> **WHAT YOU HAVE TO DO**:
Please output the listing below character for character and omit the images.

> **INPUT DATA**:
Segment Open

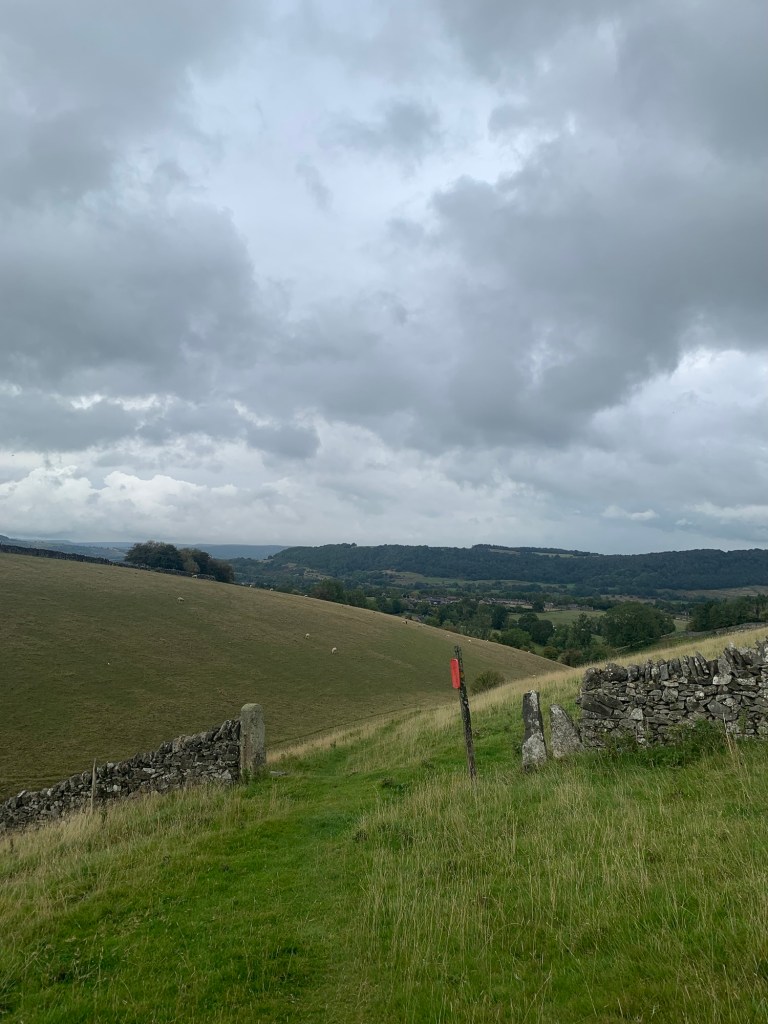 Unlike the footpath into Flagg, this footpath is a treat. It’s not particularly well defined but it’s always possible to spot the next stile across the next field, the farmer has even painted the wall around some of the stiles white to help people spot the way.
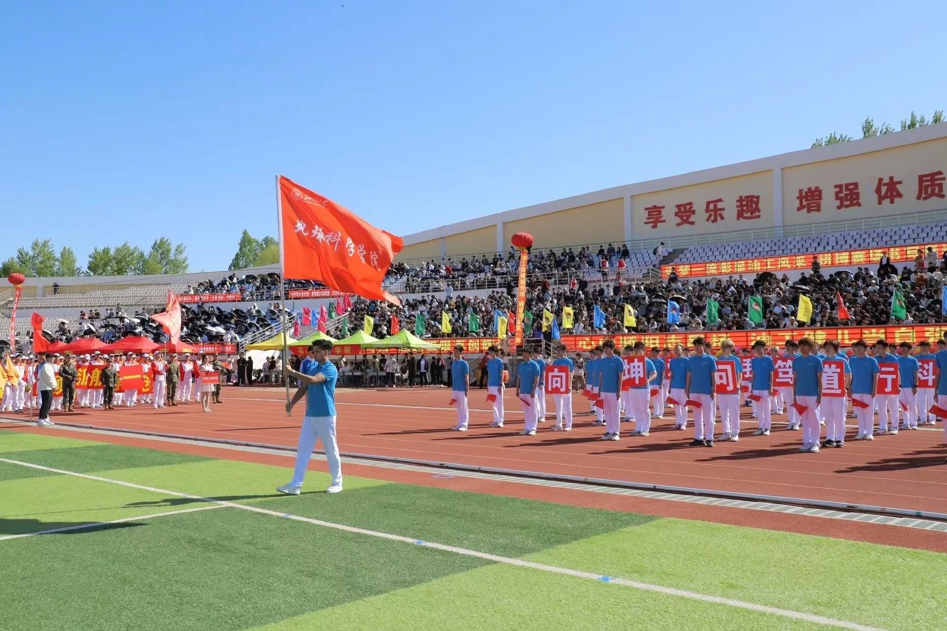 这场体育盛会不仅是竞技的擂台,更是地科学子青春活力的精彩展现。从运动员的全力冲刺到志愿者的默默守候,从震天的助威声浪到幕后的精准保障,"不畏艰难、团结奋进"的勘探精神与体育文化实现深度融合。赛道上的每个脚印、看台上的每句呐喊、计分板上的每个数字,都凝结成地科院开拓进取的澎湃动能。地科人将以体育精神为炬,以实干为楫、以担当为帆,在助力学校高质量发展的航程中破浪前行。
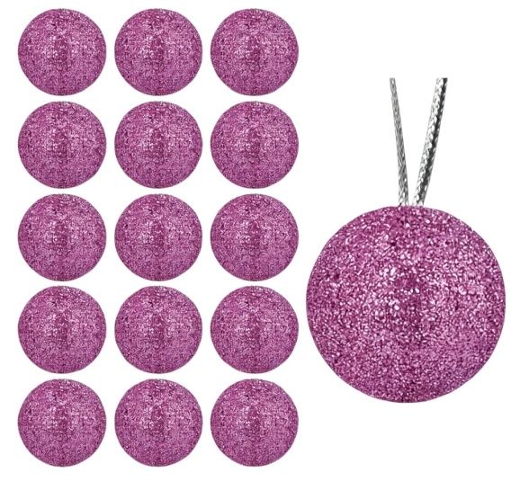Bombki choinkowe brokatowe ozdoby świąteczne 2,5cm 18szt różowy
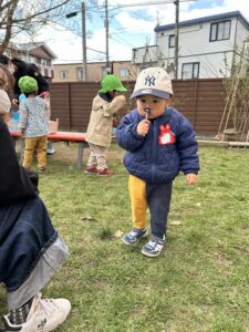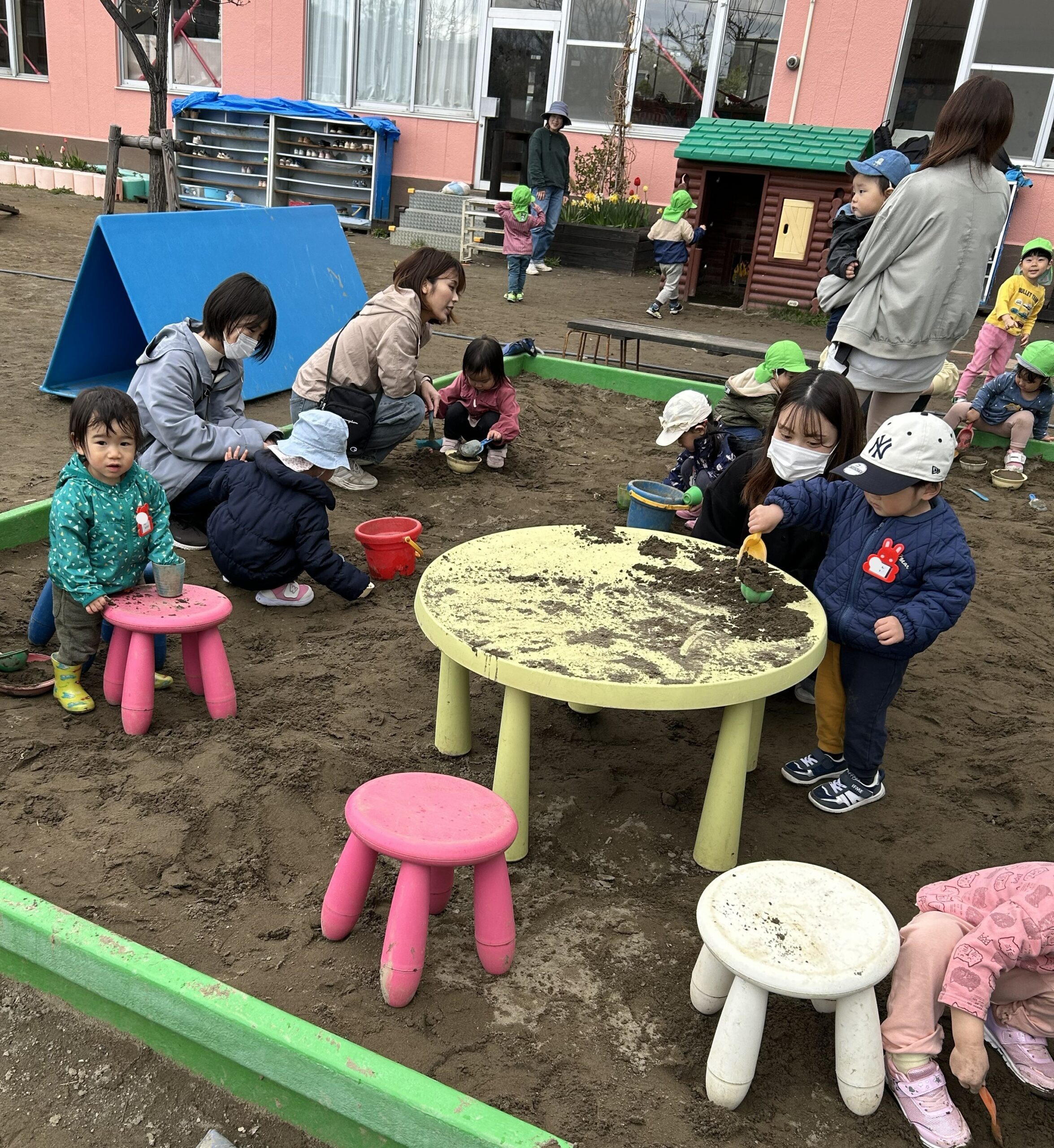 次回5月7日(木)は天気が良ければ、園庭で遊びます。砂場で遊んだり山に登ったりもすると思いますので、汚れてもいい服装でお越しください。天気が悪ければ室内で遊びます。

Segment Closed

> **ANSWER FOR THIS EXERCISE**:
 Unlike the footpath into Flagg, this footpath is a treat. It’s not particularly well defined but it’s always possible to spot the next stile across the next field, the farmer has even painted the wall around some of the stiles white to help people spot the way.
 这场体育盛会不仅是竞技的擂台,更是地科学子青春活力的精彩展现。从运动员的全力冲刺到志愿者的默默守候,从震天的助威声浪到幕后的精准保障,"不畏艰难、团结奋进"的勘探精神与体育文化实现深度融合。赛道上的每个脚印、看台上的每句呐喊、计分板上的每个数字,都凝结成地科院开拓进取的澎湃动能。地科人将以体育精神为炬,以实干为楫、以担当为帆,在助力学校高质量发展的航程中破浪前行。
Bombki choinkowe brokatowe ozdoby świąteczne 2,5cm 18szt różowy
 次回5月7日(木)は天気が良ければ、園庭で遊びます。砂場で遊んだり山に登ったりもすると思いますので、汚れてもいい服装でお越しください。天気が悪ければ室内で遊びます。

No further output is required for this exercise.